The plot thickens

Aortic stenosis is intriguing in light of the patient’s painless melena and hematochezia. Heyde syndrome is a phenomenon in which high shear stress causes a reduction in the size of von Willebrand factor predisposing to bleeding from submucosal angiodysplasia. However, Heyde syndrome has been reported to occur in the setting of severe or critical aortic stenosis and is unlikely to be the cause here. The patient needs to be examined with both upper and lower endoscopy to rule out gastrointestinal (GI) malignancy, gastric and esophageal varices, and painless peptic ulcers. High right ventricular systolic blood pressures along with echodense material in the inferior vena cava and right atrium suggest the possibility of malignancy with vascular invasion. Tricuspid regurgitation is consistent with high right-sided pressures. As left ventricular ejection fraction is reduced, some of the high right-sided pressures could also be attributable to left heart failure. CT findings of rectal wall thickening and perirectal lymph nodes could be attributable to cancer with locally metastatic disease. Blood loss caused by this cancer would explain the severe anemia on admission as well as the low ferritin level and the iron deficiency anemia. In this 70-year-old man who has not had routine health care maintenance, the leading diagnosis is colorectal cancer. However, the markedly elevated globulin gap and elevated INR strongly suggest another process (eg, multiple myeloma, other paraproteinemia) is also present.
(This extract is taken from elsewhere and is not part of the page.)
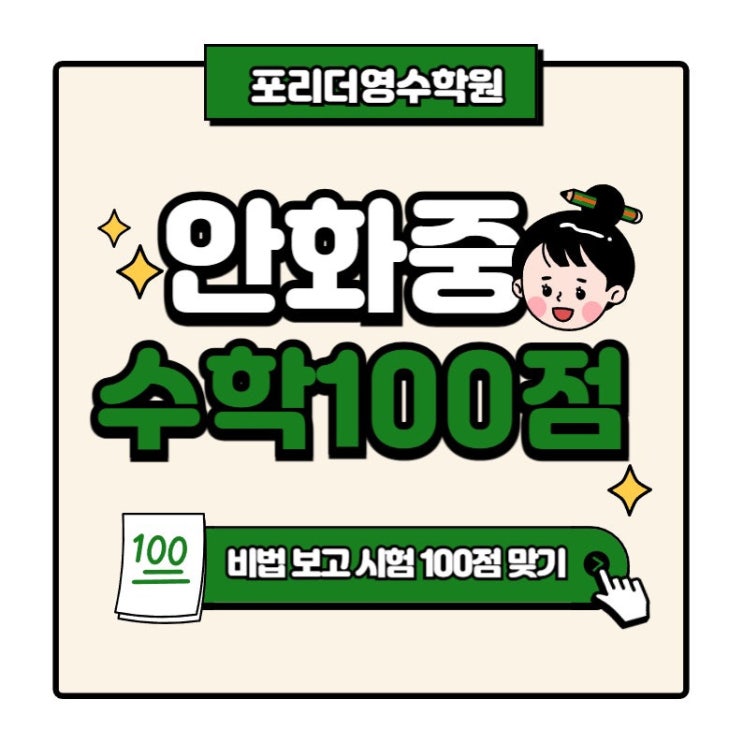 2026년도 안화중 3학년 1학기 1차 지필평가 수학 100점 달성! 안녕하세요, 포리더 영수학원입니다 아이들이 열심히 준비한 내신 대비가 끝났습니다! 이번 안화중 3학년 1학기 중간고사 수학 시험에서 우리 학원 학생이 무려 ‘100점’이라는 뛰어난 성과를 얻었습니다❤️ 성실히 수업에 임해온 결과가 정확하게 성적으로 나타나 너무 자랑스럽고 기쁘네요 열심히 함께 따라와준 우리 학생들 고생 많았어요~~☺️ 결과는 과정이 만듭니다✍️ 이번 시험 100점의 주인공은 평소에 꾸준함이 돋보이던 학생이었습니다. 선행이 되어 있음에도 기본을 소홀히 하지 않았고, 복습과 숙제를 성실하게 이어가며 수업에서도....... <img src="https://blogthumb.pstatic.net/MjAyNjA0MjlfMjc5/MDAxNzc3NDU5ODY3OTMy.hZHNGuSxOWKUGHSS9fPWxhtjpzJ1DYvMPgR7hfjfZMIg.tcX8QoUnRzFmZ-t5U13_vJltv4RcHDDjL4d424JuL-kg.JPEG/IMG%A3%DF7511.JPG?type=s3" />

INR remained elevated (1.5) despite vitamin K supplementation. Peripheral blood smear showed hypochromic and normocytic RBCs with moderate rouleaux formation (Figure 1). Intravenous pantoprazole and octreotide were started. Upper and lower endoscopy revealed multiple esophageal erosions and both a polypoid mass and an ulcer within the rectum with evidence of prior bleeding. The mass was resected and the ulcer biopsied.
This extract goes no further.